Adaptation controllers 747A-747P may also be controlled, for example, via an optional useful-signal detector 748, the useful-signal detector 748 corresponding, in terms of its function, to useful-signal detector 390 in accordance with FIG. 3.
Also, an output selector 780 is implemented to forward the microphone signals (e.g. signals e1-eP), which are freed from interference signals, to the outputs. Alternatively, output selector 780 may also be configured to forward useful signals z1 to zQ-1, for example, to the outputs. The useful signals z1 to zQ−I are typically (but not necessarily) directly useable, if the source separator comprises a secondary condition.
FIG. 8 shows a flow chart of a first inventive method in accordance with an embodiment of the present invention. The method in accordance with FIG. 8 is designated by 800 in its entirety. The method is suited to determine a first output signal describing an audio content of an useful-signal source in a first microphone signal, and to further determine a second output signal describing an audio content of the useful-signal source in a second microphone signal. In a first step 810, the method includes receiving two microphone signals and separating audio contents of at least two signal sources so as to obtain a first partial signal which essentially describes an audio content of a first signal source, and which represents a first output signal, and to obtain a second partial signal which essentially describes an audio content of a second signal source. In a second step 820, the method comprises adjusting parameters of a processing specification for generating the first partial signal, such that a distortion of the first partial signal relative to the first microphone signal is smaller than a maximum distortion. In addition, in a third step 830, method 800 comprises adjusting parameters of a processing specification for generating the second partial signal, such that a distortion of the second partial signal relative to the second microphone signal is smaller than a maximum distortion. In a fourth step 840, the method further comprises removing a second partial signal from the second microphone signal so as to obtain the second output signal wherein the second partial signal is reduced. Method 800 in accordance with FIG. 8 may also be supplemented by all of those steps which have been illustrated with regard to the inventive device.
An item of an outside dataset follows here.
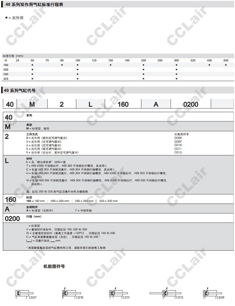 40M2L160A0200,40M2L200A0200,40M2L250A0200,40M2L320A0200,40M5L160A0200,camozzi氣缸

FIG. 9 shows a flow chart of a second inventive method in accordance with an embodiment of the present invention. The method in accordance with FIG. 9 is designated by 900 in its entirety and serves to determine a first output signal describing an audio content of a useful-signal source in a first microphone signal, and to determine a second output signal describing an audio content of the useful-signal source in a second microphone signal. In a first step 910, method 900 comprises receiving two microphone signals and separating audio contents of at least two signal sources so as to obtain a partial signal essentially describing an audio content of an interference-signal source. In a second step 920, method 900 comprises distorting the partial signal so as to obtain a first distorted partial signal, and in a third step 930, distorting the partial signal so as to obtain a second distorted partial signal. In a fourth step 940, method 900 further comprises removing the first distorted partial signal from the first microphone signal, and in a fifth step 950 removing the second distorted partial signal from the second microphone signal. In a sixth step, method 900 further comprises adjusting filter parameters of the first adjustable filter so as to reduce an audio content of the interference-signal source in the first microphone signal, and in a seventh step 970, adjusting filter parameters of the second adjustable filter so as to reduce an audio content of the interference-signal source in the second microphone signal.
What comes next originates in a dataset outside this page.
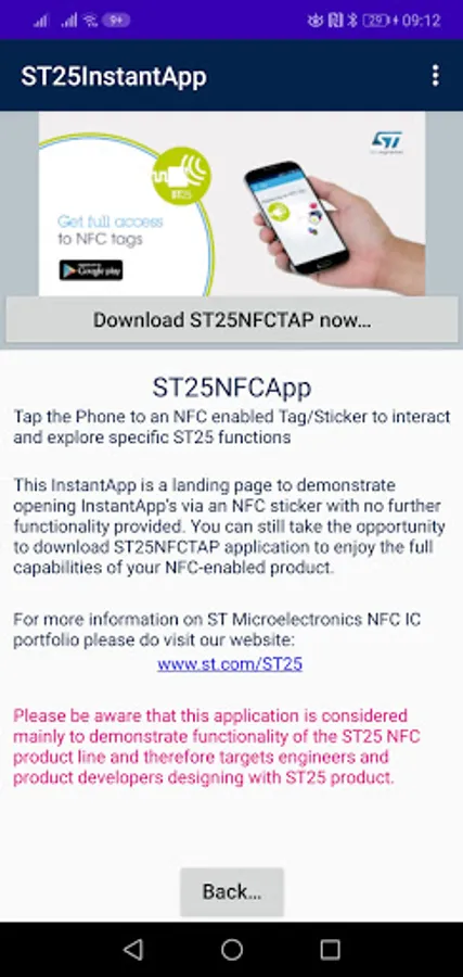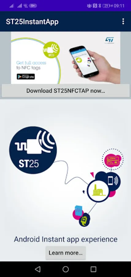 This InstantApp is a landing page to demonstrate opening InstantApp’s via an NFC sticker with no further functionality provided. You can still take the opportunity to download ST25NFCTAP application to enjoy the full capabilities of your NFC-enabled product.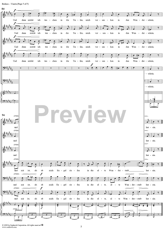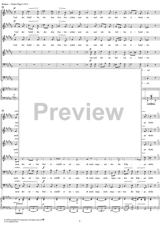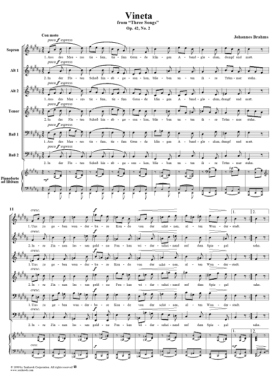 Digital Sheet Music for Vineta - No. 2 from "Three Songs" Op. 42 by , Johannes Brahms, Müller scored for Four-part Mixed Chorus; id:274134

Method 900 in accordance with FIG. 9 may be supplemented by all of those steps which were described with reference to the inventive devices.
Also, the inventive method may be implemented in hardware or in software, depending on the circumstances. The implementation may be effected on a digital storage medium, for example, a disc, CD, DVD, ROM, PROM, EPROM, EEPROM or a flash storage medium, comprising electronically readable control signals, which may interact with a programmable computer system in such a manner that the respective method is performed. Generally, the invention thus also consists in a computer program product comprising a program code, stored on a machine-readable carrier, for performing the inventive method, when the computer program product runs on a computer. In other words, the invention may thus be realized as a computer program comprising a program code for performing the method, when the computer program runs on a computer.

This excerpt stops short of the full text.